Combining as it does the cultural narrative of a complex century forsaken by God and certainty, a serious investigation of the vulnerability of the human mind and an old-fashioned – in the best sense – story of love and war, this is an ambitious, demanding and profoundly melancholy novel.
Alas, the only sections with any vigor or narrative substance are those concerning Hendricks’s war and his one true, though broken, romance. The rest of the novel is an unmeshed assemblage of case histories, accounts of Hendricks’s psychiatric practice, expositions of his theories: his own and those of Dr. Pereira.
Planting clues and dangling red herrings as though he were writing a murder mystery, Faulks expertly crafts a harrowing portrait of Hendricks as a man defined by loss: first of his father, then of comrades slaughtered on the battlefields of North Africa and Europe, and finally of the Italian woman he falls in love with towards the war’s close.
It’s all so very straightforward and self-explanatory and biscuit bland, you can’t help expecting, especially in light of the novel’s unsettled opening, that this presentation is meant to conceal a mind and a life profoundly fraught by difficult memories, but this is never the case. Rather, Hendricks knows himself far too well and tells us much too much about things that matter far too little, as when he describes beginning his book on the chaotic 20th century: 'I typed the first word. It was It.' Faulks’s novel is accomplished in its historical war sequences, but when it comes to its intellectual demands, this is it.

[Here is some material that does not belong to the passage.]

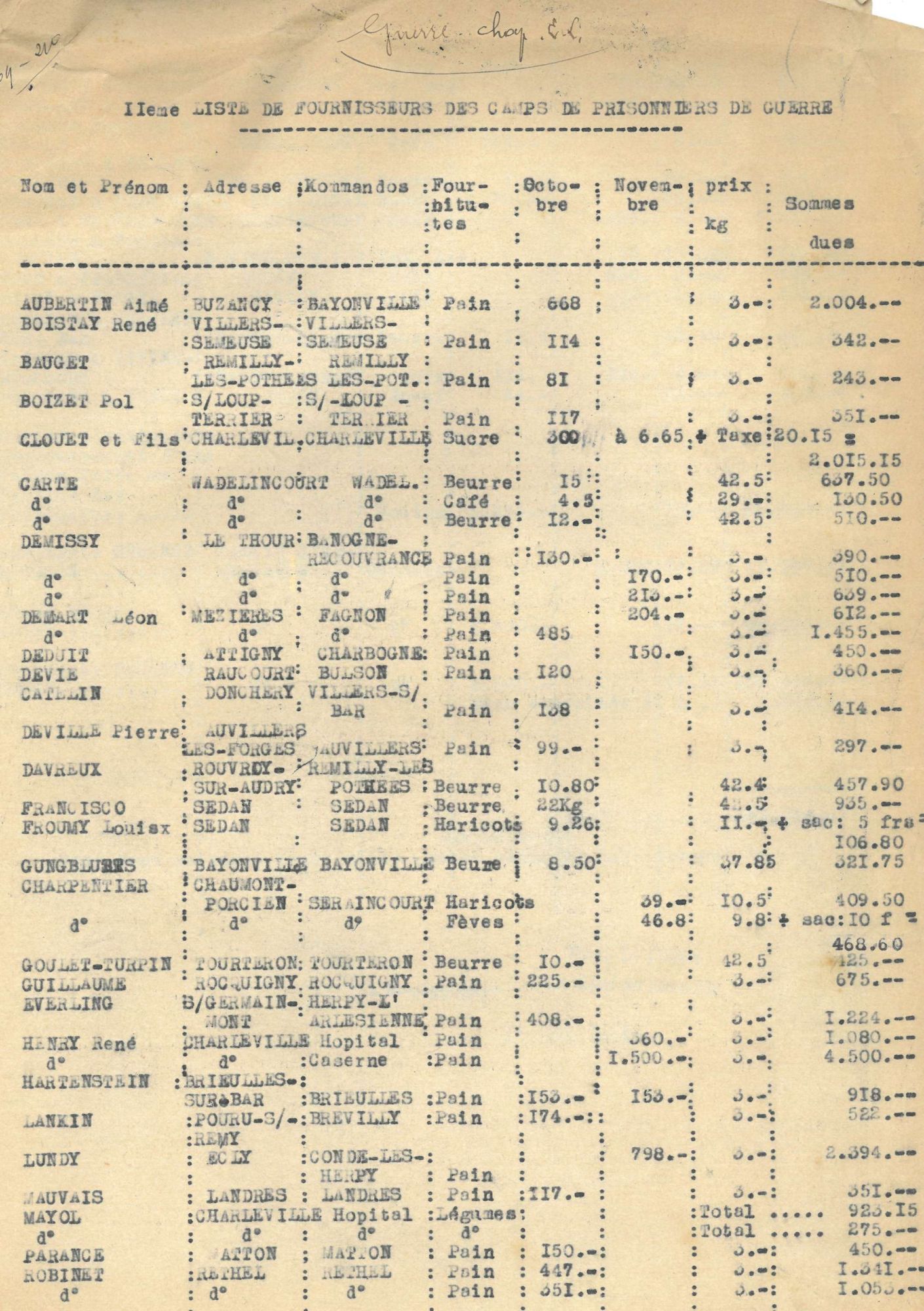 Le fonds, émanant du service des prisonniers de guerre de la préfecture des Ardennes, est constitué essentiellement de pièces comptables relatives aux fournitures apportées aux différents camps de prisonniers des Ardennes entre 1941 et 1944. Outre des bons d'approvisionnement et des listes nominatives des fournisseurs, le fonds se compose de nombreuses factures avec papier à en-tête des commerçants qui demandent le paiement de leurs marchandises auprès de la préfecture. Ces documents donnent des indications précises sur les camps de prisonniers en eux-mêmes et sur la manière dont ils sont ravitaillés par les commerçants du département.

Where My Heart Used to Beat is a funny book. It has wonderful strengths, especially Faulks’ lucid, philosophical voice, and it’s filled with scenes of genuine power, particularly those set in battles. On the other hand, its large gestures, including Robert and Luisa’s affair and Pereira’s slow-burning revelations about Robert’s father, never quite cohere into anything as believable as the tales in Birdsong or A Possible Life, the author pressing toward poignancy rather than letting it emerge from his story.